[infinispan-dev] PutForExternalRead consistency

Galder Zamarreño galder at redhat.com
Wed Nov 27 10:30:44 EST 2013


On Nov 22, 2013, at 4:52 PM, William Burns <mudokonman at gmail.com> wrote:

> You are correct in the current way PFER works that a lock obtained for
> only a brief moment while it sends the replication async, but returns
> right away.  That is what my changes would change.
> 
> Thinking about this more I was thinking we could even remove all of
> the extra PFER logic in all of our interceptors and commands.
> 
> Instead PFER would do the following:
> 
> 1. Suspend the current tx if applicable (already does this)
> 2. Send the putIfAbsent async using the async executor, just like
> putIfAbsentAsync method (this would be different than
> FORCE_ASYNCHRONOUS as that only affects remote invocations).  Note
> this means the put would be done synchronously and would obtain all
> locks as normal which would guarantee consistency between primary and
> backups.
> 3. Only pass along the following flags: IGNORE_PREVIOUS_VALUE,
> FAIL_SILENTLY and ZERO_LOCK_ACQUISITION_TIMEOUT.  Note we wouldn't
> need a PUT_FOR_EXTERNAL_READ (not quite sure if we can get away with
> this in tx or not - would have to test it out)
> 4. Optionally return a Future object that the user could block on
> confirming the PFER completed.  Note there is no way to way to confirm
> if it wrote a value or not though due to FAIL_SILENTLY.
> 
> As Dan pointed out to me this will could slow down concurrency in REPL
> and DIST since the replication is now synchronous since it will hold
> onto the lock longer.  This seems fair to me since you at least can
> guarantee your cache is consistent still.
> 
> Also this approach an end user can still do LOCAL only PFER by setting
> the CACHE_MODE_LOCAL flag if needed.
> 
> I hope this cleared it up a bit more.  WDYT or is there something I am
> overlooking?

>From a 2LC use case perspective, to keep performance high, I'd continue with same strategy we have right now. Fire and forget the PFER. So, if there's an error in the PFER, it still assumes it's been "cached" from a stats perspective, though the contents really tell the truth for the application.
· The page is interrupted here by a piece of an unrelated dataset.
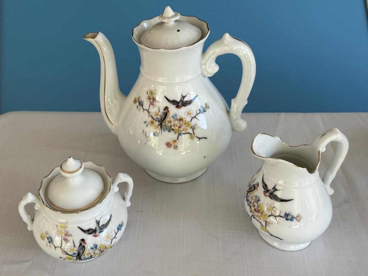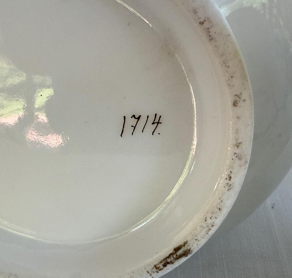 Vintage hand painted porcelain tea set, Japan 1714 markings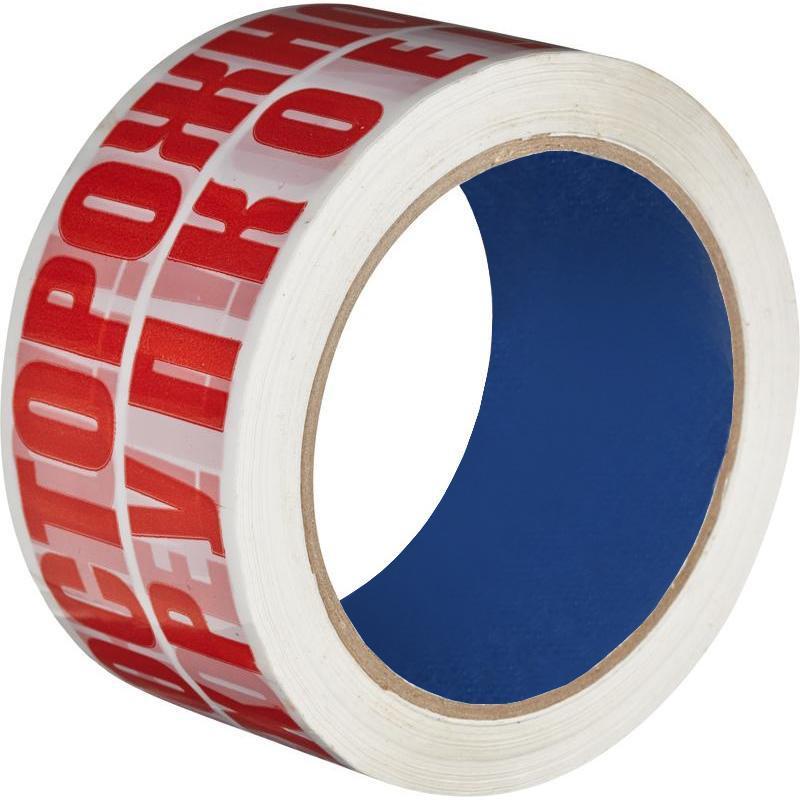 Упаковочная клейкая лента с логотипом с логотипом Осторожно!!! Хрупкое!!! толщиной 48 мкм. Отличается высокой адгезией клея (слипанием с поверхностью), стойкостью к разрыву. Ширина ленты — 48 мм, длина рулона — 66 м. Широкая клейкая лента предназначена для упаковки объемных и тяжеловесных грузов, не теряет свойств на открытом воздухе при температуре от 0 до 40°C. Не хранить под прямыми солнечными лучами. <BR>Количество лент в упаковкеи 6 штук. <BR>Количество упаковок в транспортном коробе 36 штук. <BR> <BR>Ленту липкую хранят в вертикальном положении в крытых складских помещениях, при температуре от 5 до 30°С. <BR>Перед использованием липкую ленту необходимо выдержать при температуре выше 20°С не менее 24 часов.

With the new API suggested above, I'd essentially forget about waiting for the future, since that would have a massive impact of the perfomance, particularly for non-local modes. Since these could compete with normal put operations (iow, entity updates) , then I'd go for LOCAL only.

The performance might go down for situations when there are a lot of PFER and put calls competing, but that would at least mean that the cache is consistent. That's probably the price to pay here.

@William, if you implement this, I can run it through a stress test I have for Hibernate putFromLoad [2], which gives us some indication of performance impact.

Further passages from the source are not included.